22/10/20 11:10:33 INFO SharedState: Warehouse path is 'file:/opt/spark/work-dir/spark-warehouse'.
22/10/20 11:44:46 WARN ExecutorPodsWatchSnapshotSource: Kubernetes client has been closed (this is expected if the application is shutting down.)
io.fabric8.kubernetes.client.WatcherException: too old resource version: 58557205 (58564779)
at io.fabric8.kubernetes.client.dsl.internal.WatchConnectionManager$TypedWatcherWebSocketListener.onMessage(WatchConnectionManager.java:103)
at okhttp3.internal.ws.RealWebSocket.onReadMessage(RealWebSocket.java:323)
at okhttp3.internal.ws.WebSocketReader.readMessageFrame(WebSocketReader.java:219)

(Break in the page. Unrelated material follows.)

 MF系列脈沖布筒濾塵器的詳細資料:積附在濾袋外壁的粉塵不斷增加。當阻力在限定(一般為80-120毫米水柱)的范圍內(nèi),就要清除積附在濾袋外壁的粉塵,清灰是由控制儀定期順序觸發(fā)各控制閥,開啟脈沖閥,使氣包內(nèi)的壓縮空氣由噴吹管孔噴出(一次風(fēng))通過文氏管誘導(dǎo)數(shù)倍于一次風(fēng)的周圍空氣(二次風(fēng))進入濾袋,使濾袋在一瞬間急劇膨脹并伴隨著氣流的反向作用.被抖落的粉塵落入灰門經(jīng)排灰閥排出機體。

at okhttp3.internal.ws.WebSocketReader.processNextFrame(WebSocketReader.java:105)
at okhttp3.internal.ws.RealWebSocket.loopReader(RealWebSocket.java:274)

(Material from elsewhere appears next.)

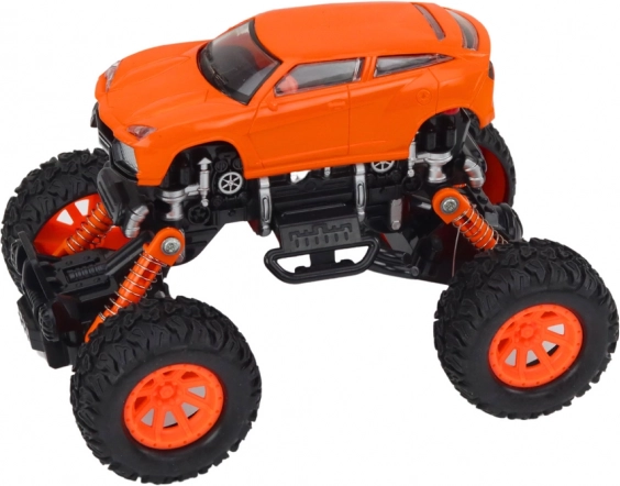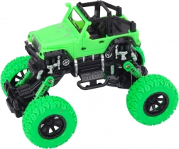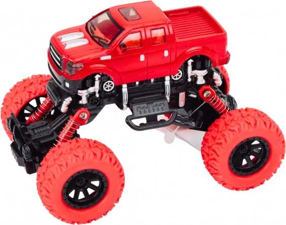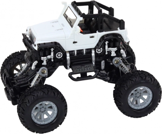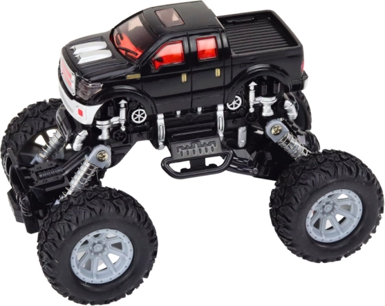 Terénne auto 4x4 je navrhnuté na akčnú hru v náročných podmienkach. Vysoké odpružené zavesenie a veľké, profilované kolesá umožňujú ľahko prechádzať cez prekážky, kamienky aj nerovný povrch. Realistické detaily, ako sú nárazníky a bočné prvky, dodávajú hračke vzhľad skutočného off-road vozidla.

at okhttp3.internal.ws.RealWebSocket$2.onResponse(RealWebSocket.java:214)
at okhttp3.RealCall$AsyncCall.execute(RealCall.java:203)
at okhttp3.internal.NamedRunnable.run(NamedRunnable.java:32)
at java.base/java.util.concurrent.ThreadPoolExecutor.runWorker(Unknown Source)
at java.base/java.util.concurrent.ThreadPoolExecutor$Worker.run(Unknown Source)
at java.base/java.lang.Thread.run(Unknown Source)
Caused by: io.fabric8.kubernetes.client.KubernetesClientException: too old resource version: 58557205 (58564779)
... 11 more
22/10/20 12:01:37 INFO CodeGenerator: Code generated in 516.484966 ms
I don't have any other exception or error message in my logs, driver or executors. Is there something I can try?
Thank you.
Hello All, I am also facing same issue, Anyone having any workaround solution for it ?
I would recommend we close this issue. Several of us have reported this error message as downstream from the true, critical failure.
@cmoad what is the solution for this?
if you are using gcs, after upgrading to 3.3.0 I no longer see the too old resource version
and started seeing see that the "hanging" behavior was actually spark repairing a bunch of directories in my bucket. https://groups.google.com/g/cloud-dataproc-discuss/c/JKcimdnskJc recommends setting "fs.gs.implicit.dir.repair.enable"
to False